Аня слушала Корнея, смотря на его руки на своих коленях. Его слова не вызывали протест. Раскладывали по полочкам просто. Немного пугали, но в целом…
– Я буду стараться… – Аня ответила, переводя взгляд на его лицо. Мужчина кивнул, закрыл глаза на миг, потом снова на нее…
– Спасибо.
– Я тоже… Я тоже не смогу простить измену. И я правда хочу, чтобы ты любил только меня. И чтобы с каждым днем сильнее. Чтобы ты с ума сходил от того, как сильно любишь. Мне иногда самой страшно от того, насколько сильно я всего этого хочу…
Аня никогда бы в этом не призналась, но сейчас не сдержалась. Не раз и не два ловила себя на подобных мыслях. Чувствовала их порочность – это ведь тоже жадность – но не могла справиться с собой. Когда-то мечтала хотя бы взгляд от него получить. Когда-то ее высшим удовольствием было коснуться невзначай. Когда-то в редких обращенных к ней словах искала глубинный смысл и упивалась им. А теперь чувствовала жажду, укутанная его любовью от пят до носа.
– Не волнуйся, зайка… – думала, что ее признание его испугает. Оно ведь правда неоднозначное. Корней же только хмыкнул, снова чуть склонив голову, глядя тепло… – Все, как ты хочешь. Я схожу…
Сказал так, будто это его совершенно не заботило. И это спокойное принятие отозвалось в Аниной груди разливающимся теплом. Сегодня жажда утолена. Можно жить…
Девичий взгляд снова упал на коробку. Так незаслуженно обделенную вниманием…
Она потянулась к крышечке, провела по тесненному названию ювелирного дома, почувствовала трепет и что губы немного растягиваются…
– Тебе хоть понравилось? – услышала вопрос, перевела взгляд на Корнея, который смотрел туда же – на ее пальцы. Закивала…
– Я плохо увидела. Плакала… Но мне показалось, что красивое очень…
– Так может рассмотришь? Наденешь?
Слегка розовея, Аня кивнула.
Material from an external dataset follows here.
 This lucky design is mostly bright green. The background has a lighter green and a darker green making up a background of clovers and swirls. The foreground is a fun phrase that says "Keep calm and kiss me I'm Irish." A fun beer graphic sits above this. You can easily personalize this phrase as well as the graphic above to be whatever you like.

Неосознанно задержала дыхание, сжала коробку, положила на колени, чувствуя, как Корней поглаживает их же, открыла…
Снова готова была расплакаться, но сдержалась. Потянулась к камню, но одернула руку. Наверное, не стоит… Так блестит красиво…
– Оно очень дорогое? – Аня спросила, загодя зная ответ. Конечно, дорогое. Лучше потом даже не гуглить.
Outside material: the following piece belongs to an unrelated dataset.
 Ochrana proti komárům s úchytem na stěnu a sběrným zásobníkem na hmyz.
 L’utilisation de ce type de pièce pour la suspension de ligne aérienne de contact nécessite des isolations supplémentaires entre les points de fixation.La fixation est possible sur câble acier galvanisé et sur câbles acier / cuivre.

– Достаточно, чтобы им не швыряться… – Корней же ответил обтекаемо, давая себе повод улыбнуться, а Ане смутиться сильнее… – Надевай, чего застыла? – повел подбородком, как бы мотивируя…
Аня же закусила губу. Несколько секунд смотрела на него, потом мотнула головой. Повернула коробочку к нему, подтолкнула немного.
– Ты надевай. Так правильно.
Запуталась в руках сначала, в итоге протянула правую…
Снова смотрела в глаза, снова ждала…
Пока Корней достанет, пока покрутит в пальцах…
– Ты знаешь вообще, сколько я преодолел ради этого? – спросил неожиданно, посмотрел лукаво… Конечно же, Аня замотала головой. Откуда ей знать-то? Думала, сейчас скажет о том, что не будь в его жизни одной маленькой неуверенной в себе дурочки, жил бы спокойно… О браке не помышлял бы… А оказалось… – У них есть приложение. Можно подбирать кольцо по проекции на палец. И там же определять размер. Ты спала, а я, как дебил… Руку фотографировал. Потом сидел, думал… О кольце думал. Понимаешь вообще, Ань?
На девичьих глазах снова выступили слезы, Аня быстро заморгала, приподнимая подбородок. Знала, что он не хочет новый тур истерики. Но просто… Это так трогательно было. Совсем не о Корнее будто. Не о том, который кажется холодным. Но это ведь о нем, потому что заботливый. И продуманный. И любящий.
– Я тебя люблю, – не стесняясь поволоки слез уже определенно счастья, Аня снова посмотрела в карие глаза. И снова же затаила дыхание, когда он тянулся к ее пальцам. Когда надевал. Село хорошо. Корней проверил, скользит ли по фаланге, вероятно, остался доволен.
Опустил руки на колени, следил, как Аня поворачивает кисть, смотрит на кольцо наконец-то…
– Очень красиво. – Говорит.
– Мне тоже так кажется. – Улыбается, получив подтверждение. Потом же наклоняется, прижимается к его губам, шепчет:
– Спасибо, – снова тянется ладонями к лицу, гладит щеки, смотрит в глаза… – А ты правда в ресторане бы сегодня? – спрашивает, вместо ответа получает хлопок мужскими ресницами.
– Но зачем Ане романтика, если можно с истерикой, правда, зайка? Хотя я тебя понимаю. Так тоже незабываемо…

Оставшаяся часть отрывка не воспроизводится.